Figure 27: Forked Tandem DQN: passive performance after forking, with the first (out of ) layers of active and passive agent networks shared, i.e. only trained by the active agent, and fixed during the passive training phase.

The next experiment, shown in Fig. 28 and extending the results from Fig. 8, investigates the impact of network architecture more generally, by varying width and depth of both active and passive agents’ networks. Since changes in Atari-DQN network architecture tend to require expensive re-tuning of various hyperparameters, we chose to perform these experiments on the smaller Classic Control domains, where such changes tend to be more straightforward. Nevertheless active performance in these domains does depend on the chosen network configuration, so that we report relative performance as the more informative quantity. The findings across four domains mostly appear to echo those on CartPole described in Section 3.3, showing a positive correlation of (relative) passive performance with network depth, and a negative correlation with its width. Again, a more detailed investigation of the causes for this exceeds the scope of this paper and is left to future work.

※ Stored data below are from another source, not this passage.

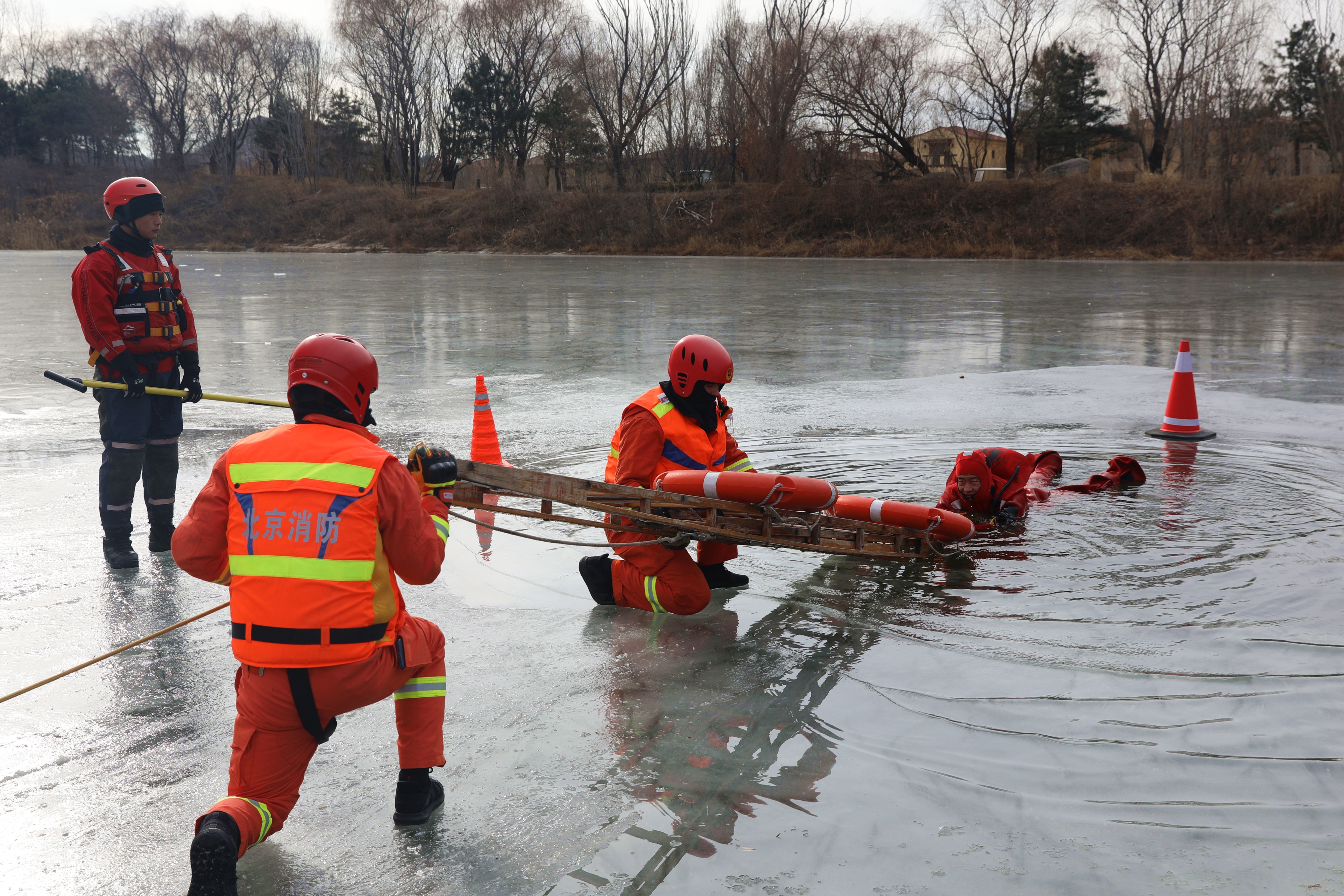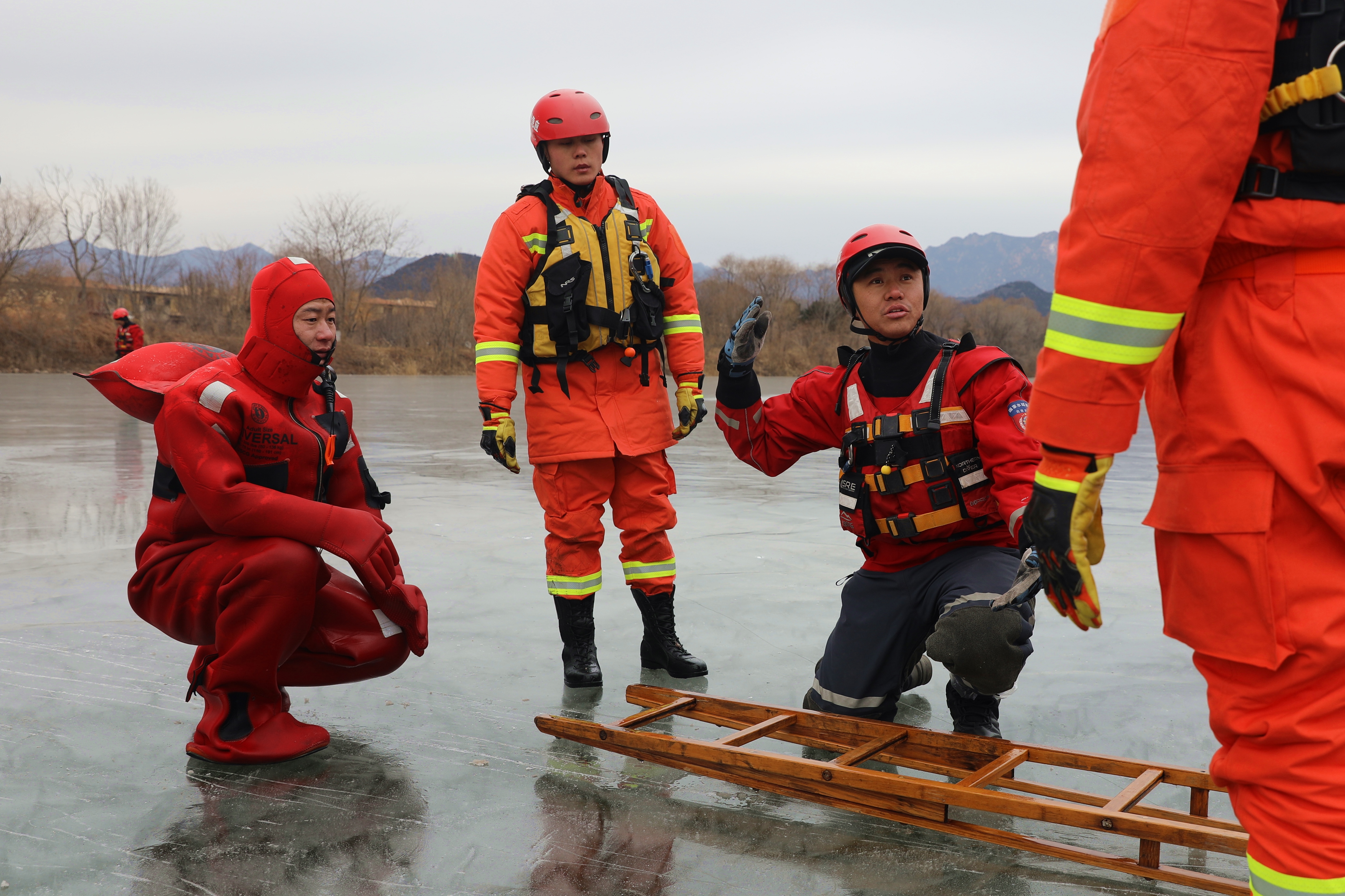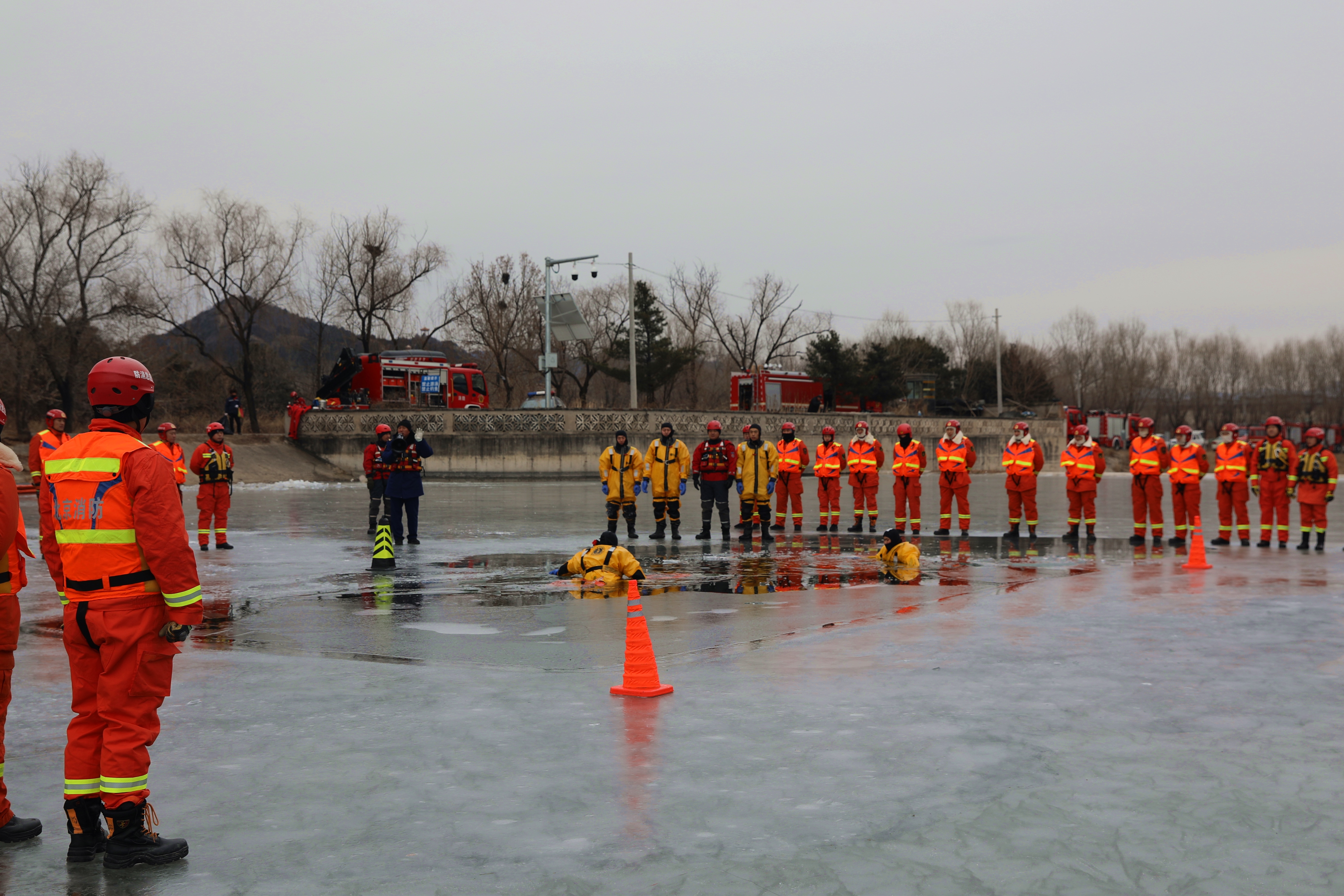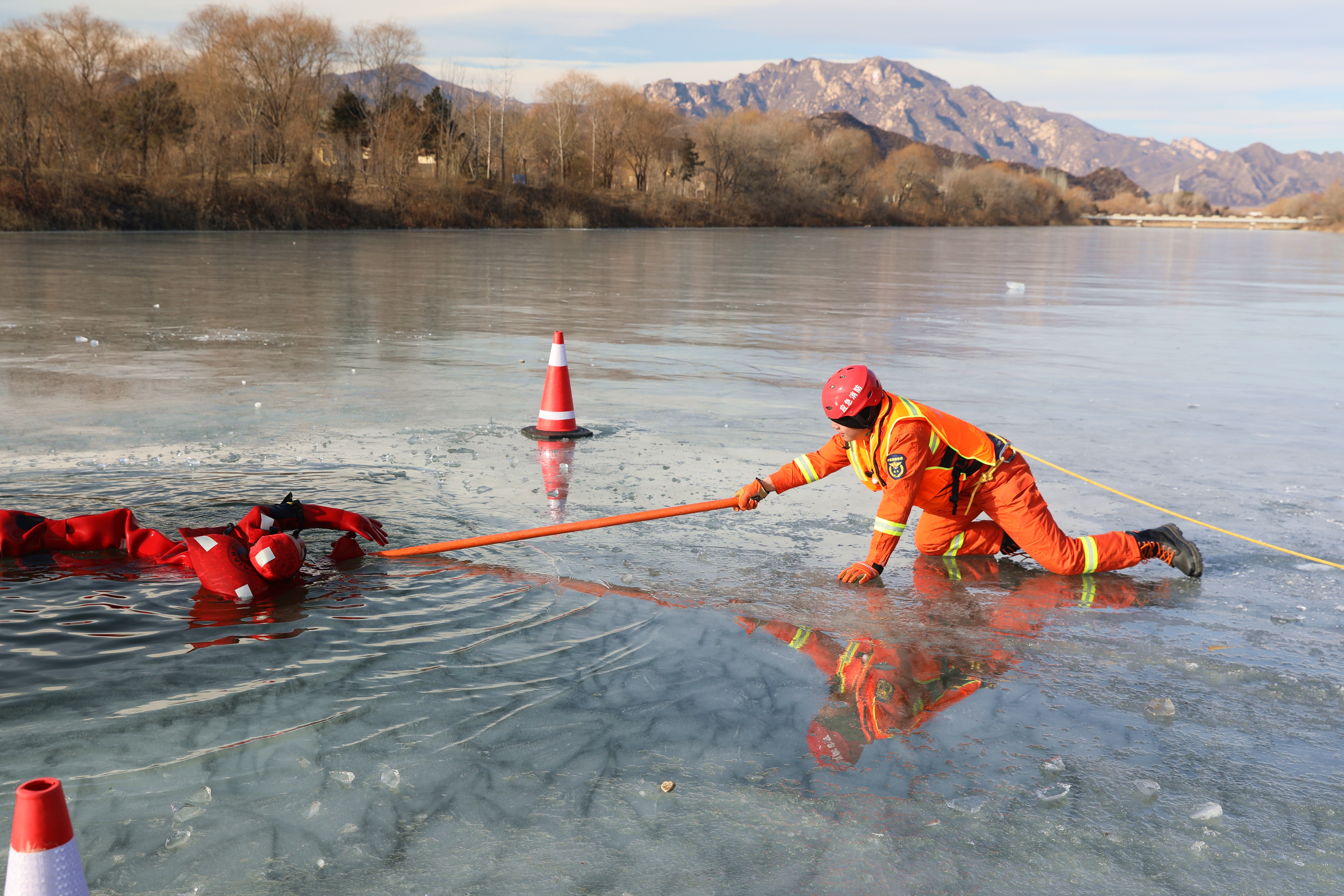 为应对冬季低温冰冻灾害,以及冰上活动引发的意外事故增多的情况,强化消防救援人员处置冰面救援的业务技能水平,1月11日至13日,北京市密云区消防救援支队组织50余名指战员在辖区一处开放水域集中开展冰面救援技能培训。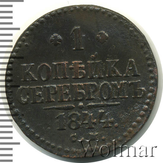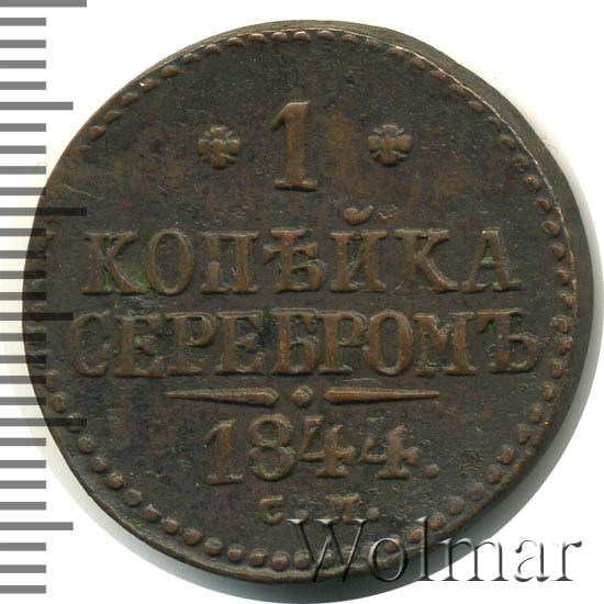 В центре надпись в две строки: «КОПѢЙКА»│«СЕРЕБРОМЪ». Над надписью обозначение номинала — цифра «1», ограниченная с обеих сторон цветочными розетками. Под надписью расположен декоративный разделитель в виде двух фигурных линий и небольшой точки между ними. Под разделителем — год выпуска монеты «1844.». Ниже, обозначение монетного двора — буквы «С.М.». По окружности канта имеются рельефные элементы, выполненные в виде точек.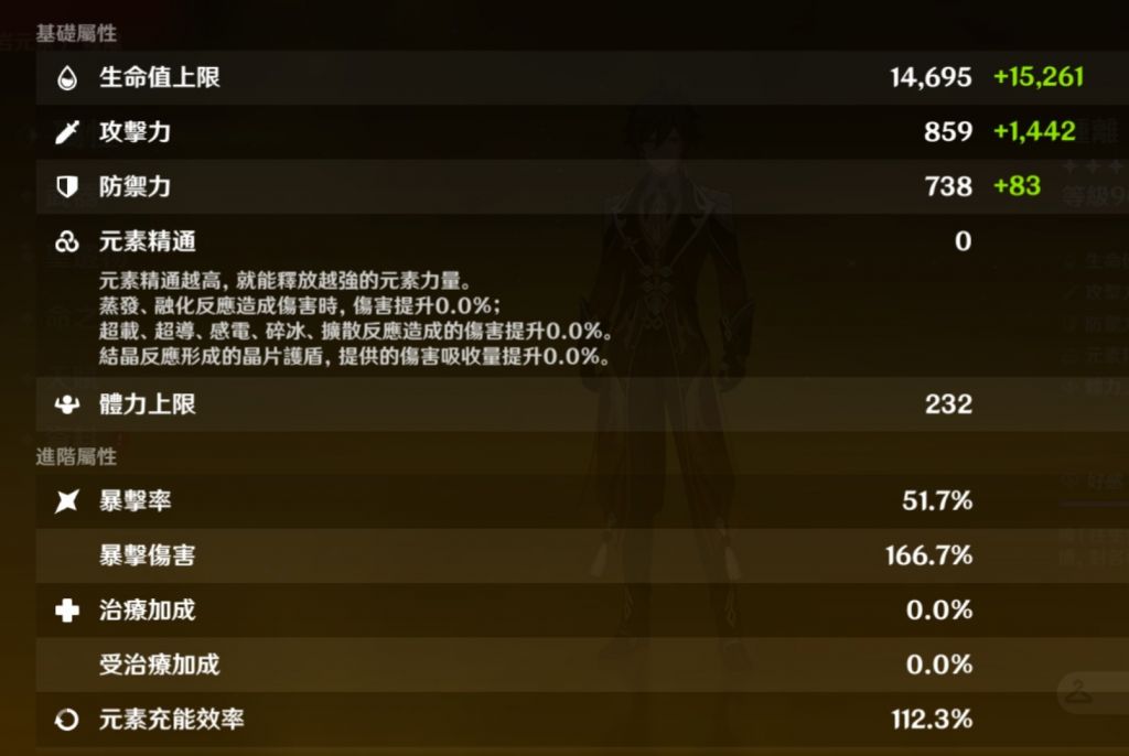凯亚0命,1精祭礼,4宗室属对全不对只求不死,主要给钟离加攻+破冰。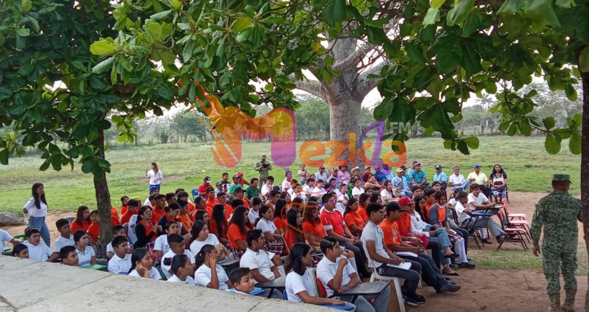 Santiago Tuxtla.- Personal de la Secretaría de la Defensa Nacional, Guardia Nacional, C4 en coordinación con el Ayuntamiento de Santiago Tuxtla a través de la Dirección de Seguridad Pública Municipal, llevaron a cabo una plática sobre el consumo de sustancias tóxicas y el uso correcto de la línea de emergencia 911, con alumnos, padres de familia, maestros y directivos de la escuela telesecundaria “Belisario Domínguez” de la localidad de Tinernal, asimismo estuvieron presentes Agentes Municipales de las comunidades vecinas.
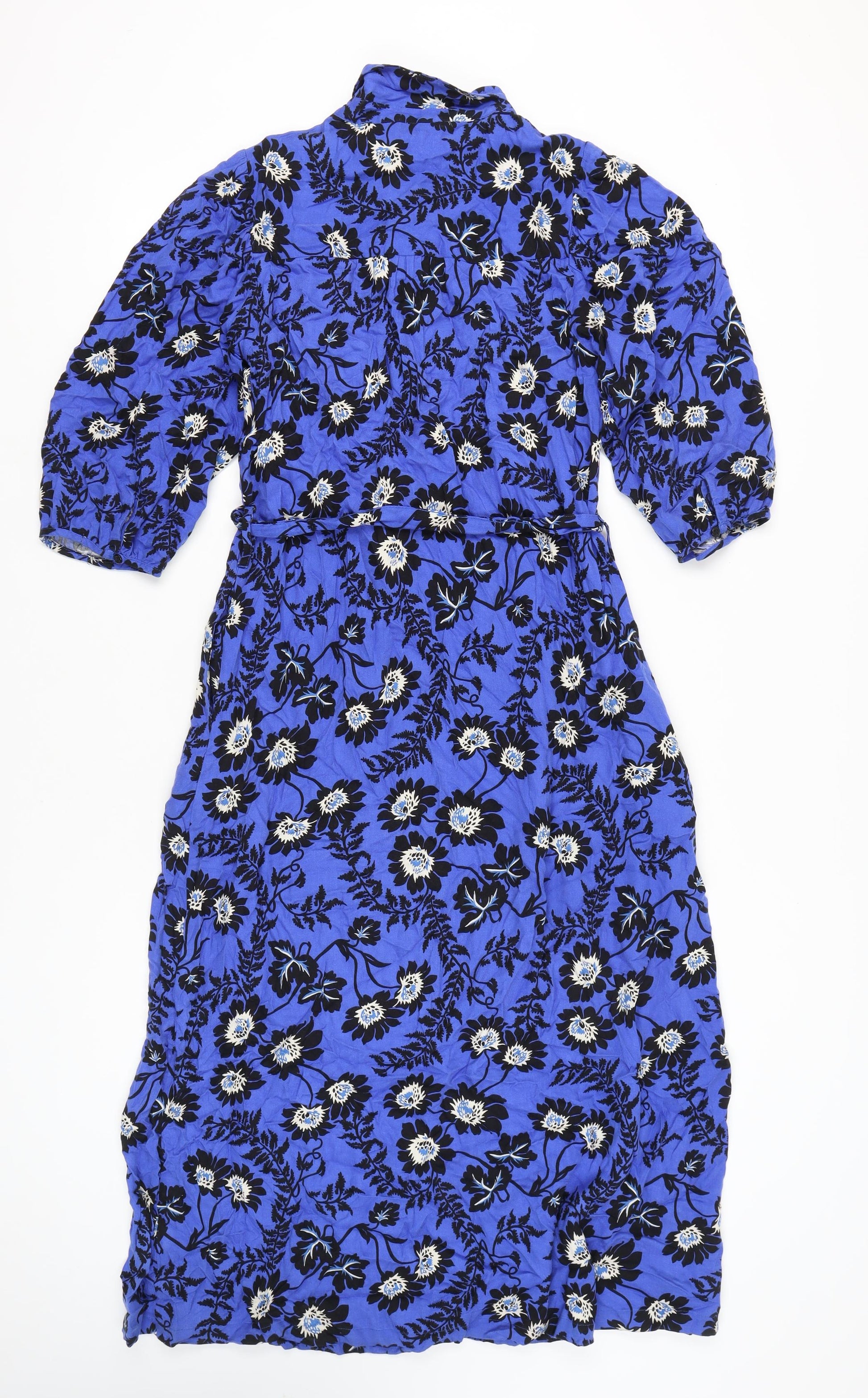 Next Women’s Blue Floral Midi Shirt Dress Size 12 High Neck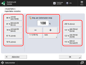 * Wenn diese Einstellung auf [Sonderformat] gesetzt ist, kann das Original nur in den Einzug gelegt werden. Außerdem wird das Verhältnis auf 1:1 (100 %) festgelegt.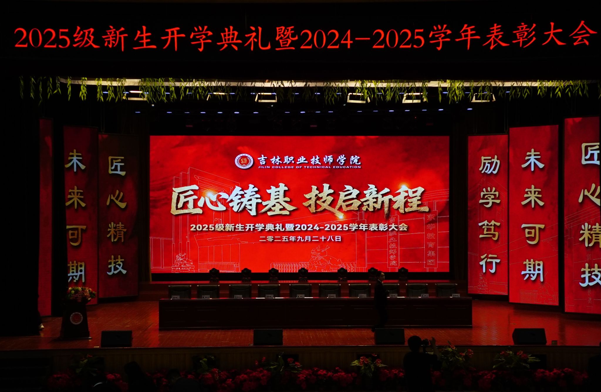 金秋送爽,丹桂飘香。9月28日下午,吉林职业技师学院2025级新生开学典礼暨2024-2025学年表彰大会在东鳌国际会议中心隆重举行。

Figure 28: Tandem DQN: Passive performance as a fraction of active performance when varying network architecture in classic control games. Here network architecture varies for both active and passive agent, so active performance is also affected by the configuration.

a.5 Applications of Tandem RL: Passive QR-DQN

Figure 29: QR-DQN as a passive learning algorithm, in tandem with a Double-DQN active agent: active vs. passive performance.

Here we provide an example application for the Tandem RL setting as an analytic tool for the study of learning algorithms in isolation from the confounding factor of behavior. As observed in [Agarwal et al., 2020], the QR-DQN algorithm [Dabney et al., 2018] can be preferable to DQN in the offline setting, motivating our attempt to use it as a passive agent, coupled with a regular Double-DQN active agent. As shown in Fig. 29, QR-DQN indeed provides a somewhat different passive performance profile when compared to the regular Double-DQN tandem, albeit not a clearly better one. While perfectly matching active performance in one game (Space Invaders) and even out-performing the active agent in another (Breakout), it also shows exacerbated under-performance or instability in the other two domains. A fine-grained diagnosis of the causes of this are left to future work.

We note that any difference in performance between the DQN and QR-DQN algorithms as passive agents reflects directly on their properties as learning algorithms, i.e. their respective abilities to extract information about an appropriate control policy from observational data, while separating out any influence their learning dynamics may have on (transient) behavior and data generation. We believe that Tandem RL can become a valuable analytic tool for targeted empirical studies of such properties of learning algorithms.